The judge issued a ruling on a motion Friday in the case involving 76 Pomeranians seized from a Brooklyn man.

Greene Justice Dante Acunto decided late Friday afternoon that dogs seized from Stephen Fong at his Oxford property on Oct. 12 be held as evidence as long as needed. The seizure was made because of allegedly unsafe living conditions.

There was a dispute on Friday night about the impact this would have on efforts by the Chenango County SPCA to have the remaining dogs adopted.

The motion was one presented by defense attorney Scott Clippinger before Acunto at Thursday's hearing in the criminal case. Acunto had not ruled on a motion by Clippinger to dismiss the charges.

Deputies seized the dogs and removed 38 dead Pomeranians from Fong's property, and he was charged with failure to provide for an impounded animal, animal cruelty and false impersonation.

The dogs were taken to the Chenango County SPCA, where they were given medical attention. The judge in the case at the time, John Weidman of Oxford Town Court, ordered Fong to pay the shelter $65,465 to cover costs for one month of care. When Fong failed to do so, Weidman ordered the dogs turned over to the SPCA for adoption.

The decision was appealed to Supreme Court Judge Kevin Dowd, who declined to overturn Weidman's decision in November. Weidman then recused himself from the case, and it was assigned to Acunto in late December.

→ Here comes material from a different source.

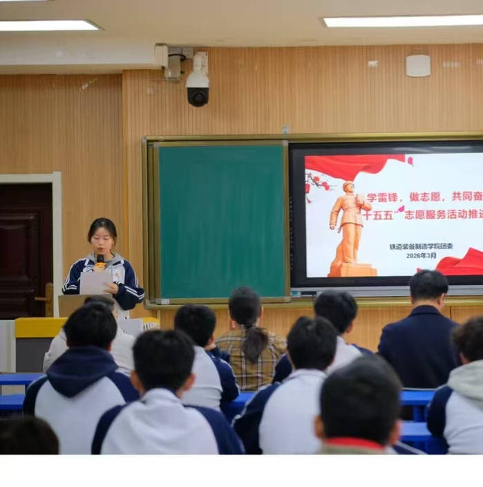 铁道装备制造学院在临渭校区B500召开“学雷锋、做志愿,共同奋进‘十五五’”志愿服务活动推进会。学院党总支书记冯上朝、院团委负责人、全体辅导员及各班团、社团负责人参会。
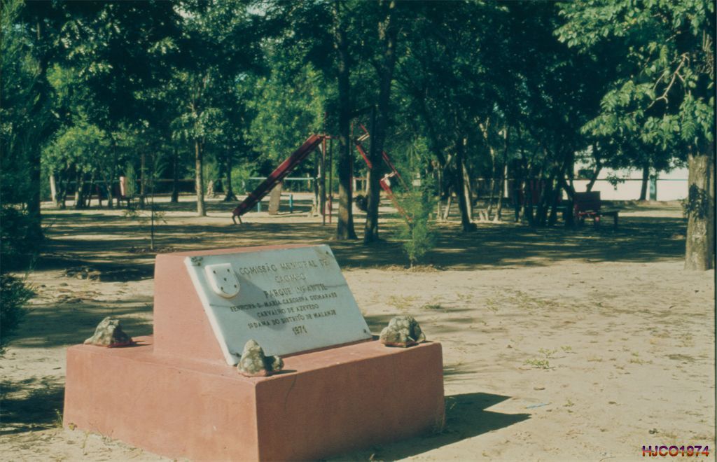 Aspecto do jardim de Caombo, vendo-se uma placa alusiva à sua inauguração com os seguintes dizeres: «Comissão Municipal de Caombo. Parque Infantil. Senhora D. Maria Carolina Carvalho de Azevedo. 1ª Dama do Distrito de Malanje. 1971»

Before his decision Friday, Acunto said by phone that it would be improper for him to comment on any aspect of the case.

Clippinger said that "the state has a responsibility for maintaining the property," when asked what it means for the dogs. If Fong is acquitted, he would expect his property returned and the shelter could be liable, he said.

The CCSPCA attorney, Michael Ferrarese, did not return a call for comment, but he earlier said that he would not be attending the session because he was handling only the civil suit, which was ended by Weidman's decision. Chenango County SPCA Executive Director Carol Hedlund also did not return a call for comment Friday. On Jan. 5, she said that 30 dogs had been adopted, and spaying and neutering of the remaining animals was proceeding.

Chenango County District Attorney Joseph McBride said, "I respectfully disagree with the court's reasoning and conclusions. It is highly unusual to overturn a matter heard by another town judge and examined by Supreme Court Judge Kevin Dowd."

That decision made the dogs the property of the SPCA, and McBride said that he did not have authority to tell it what to do.

"The important thing is that the dogs are safe and being cared for," he said, "and the issues will be worked out."